[[ Data excerpt, beginning ]]
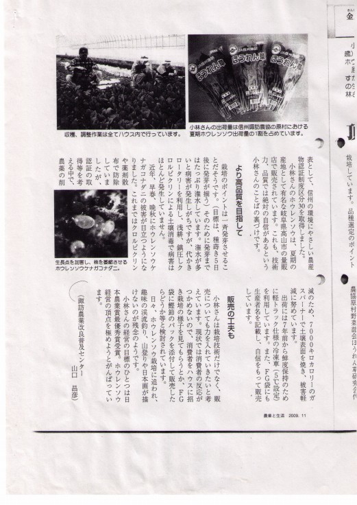 昨日はホウレンソウ専門に作っている原村の農家さん、小林金茂さんの畑を視察
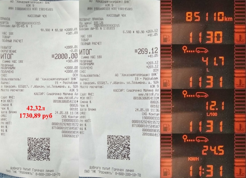 | Кол-во литров: | 42.32 (полный бак) | |
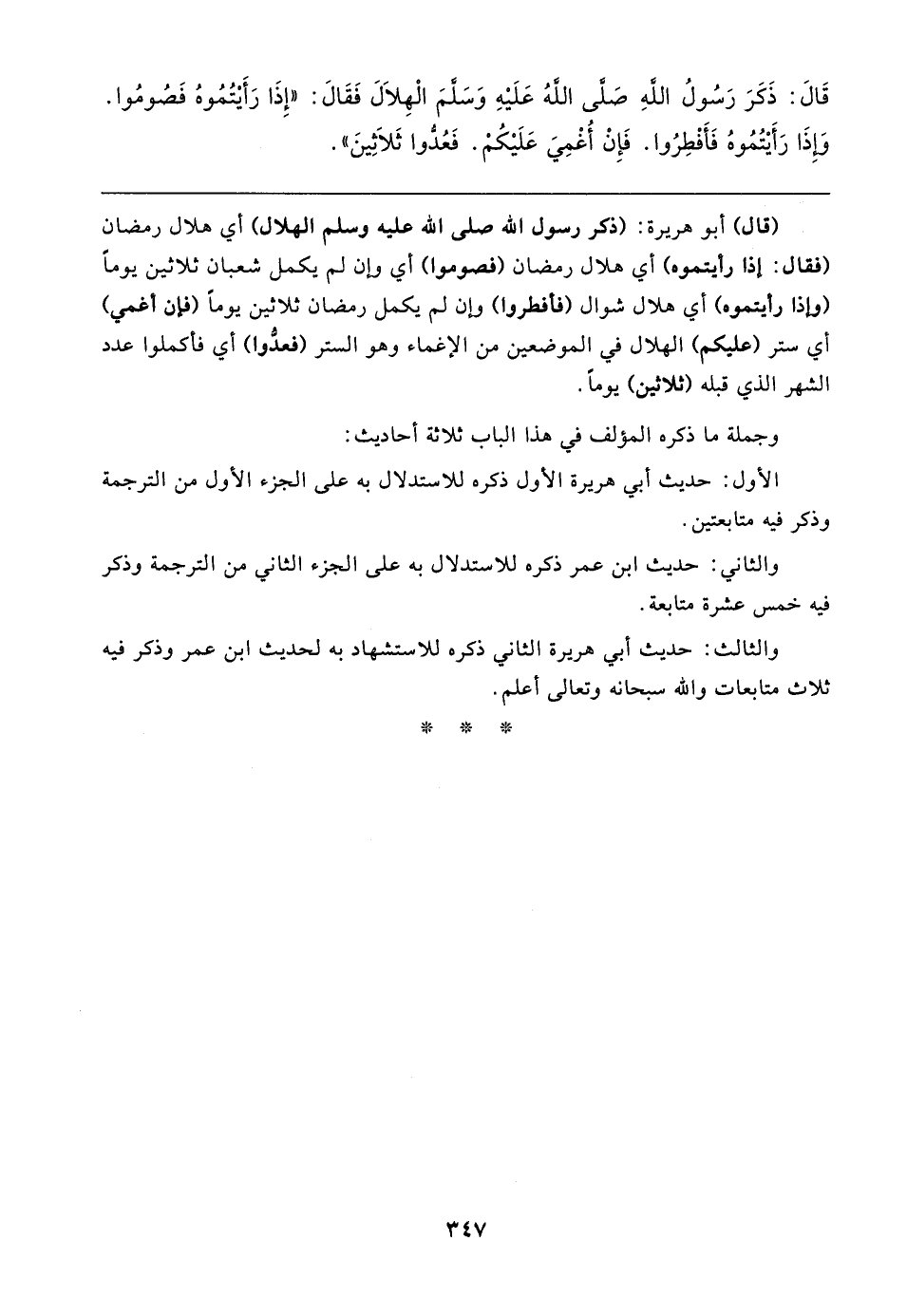 قَال: ذَكَرَ رَسُولُ اللهِ صَلَّى اللهُ عَلَيهِ وَسَلَّمَ الْهِلَال فَقَال: "إِذَا رَأَيتُمُوهُ فَصُومُوا. وَإِذَا رَأَيتُمُوهُ فَأَفْطِرُوا. فَإِنْ أُغْمِيَ عَلَيكُمْ. فَعُدُّوا ثَلَاثِينَ"
[[ Data excerpt, end ]]
§ **Exercise brief**
Strip out the pictures and reproduce the remaining material above exactly.

§ **Answer space**
 昨日はホウレンソウ専門に作っている原村の農家さん、小林金茂さんの畑を視察
 | Кол-во литров: | 42.32 (полный бак) | |
 قَال: ذَكَرَ رَسُولُ اللهِ صَلَّى اللهُ عَلَيهِ وَسَلَّمَ الْهِلَال فَقَال: "إِذَا رَأَيتُمُوهُ فَصُومُوا. وَإِذَا رَأَيتُمُوهُ فَأَفْطِرُوا. فَإِنْ أُغْمِيَ عَلَيكُمْ. فَعُدُّوا ثَلَاثِينَ"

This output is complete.